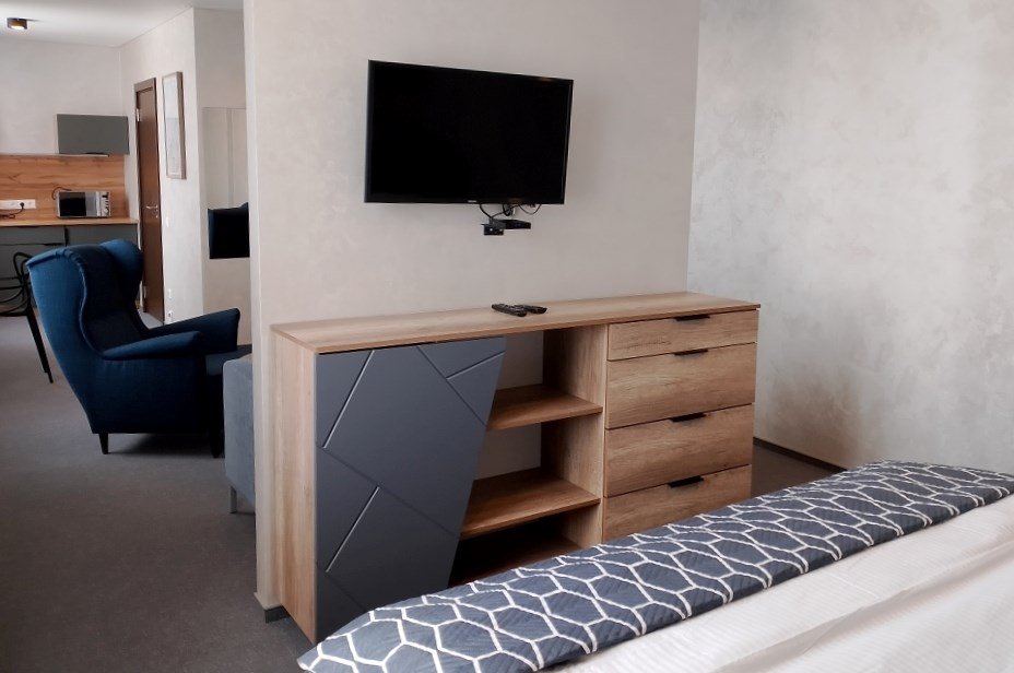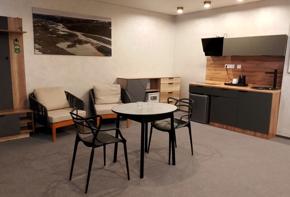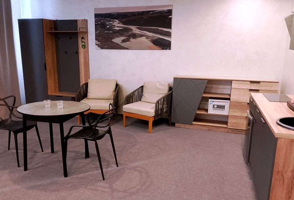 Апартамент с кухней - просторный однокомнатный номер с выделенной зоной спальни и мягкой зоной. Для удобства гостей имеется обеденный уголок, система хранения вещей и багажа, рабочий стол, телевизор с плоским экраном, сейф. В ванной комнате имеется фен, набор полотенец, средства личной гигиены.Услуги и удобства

+===+

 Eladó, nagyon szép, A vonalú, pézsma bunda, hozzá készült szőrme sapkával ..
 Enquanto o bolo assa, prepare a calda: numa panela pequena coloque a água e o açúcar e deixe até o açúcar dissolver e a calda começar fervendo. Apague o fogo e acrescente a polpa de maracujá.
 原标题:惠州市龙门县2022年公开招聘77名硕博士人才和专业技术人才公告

+===+

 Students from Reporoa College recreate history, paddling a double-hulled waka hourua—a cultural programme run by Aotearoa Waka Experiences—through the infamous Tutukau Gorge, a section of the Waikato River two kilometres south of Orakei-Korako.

+===+

Look above for the line that contains "Eladó, nagyon szép, A". Starting there, transcribe every line exactly until you have copied the line that contains "原标题:惠州市龙门县2022年公开招聘77名硕博士人才和专业技术人才公告".

 Eladó, nagyon szép, A vonalú, pézsma bunda, hozzá készült szőrme sapkával ..
 Enquanto o bolo assa, prepare a calda: numa panela pequena coloque a água e o açúcar e deixe até o açúcar dissolver e a calda começar fervendo. Apague o fogo e acrescente a polpa de maracujá.
 原标题:惠州市龙门县2022年公开招聘77名硕博士人才和专业技术人才公告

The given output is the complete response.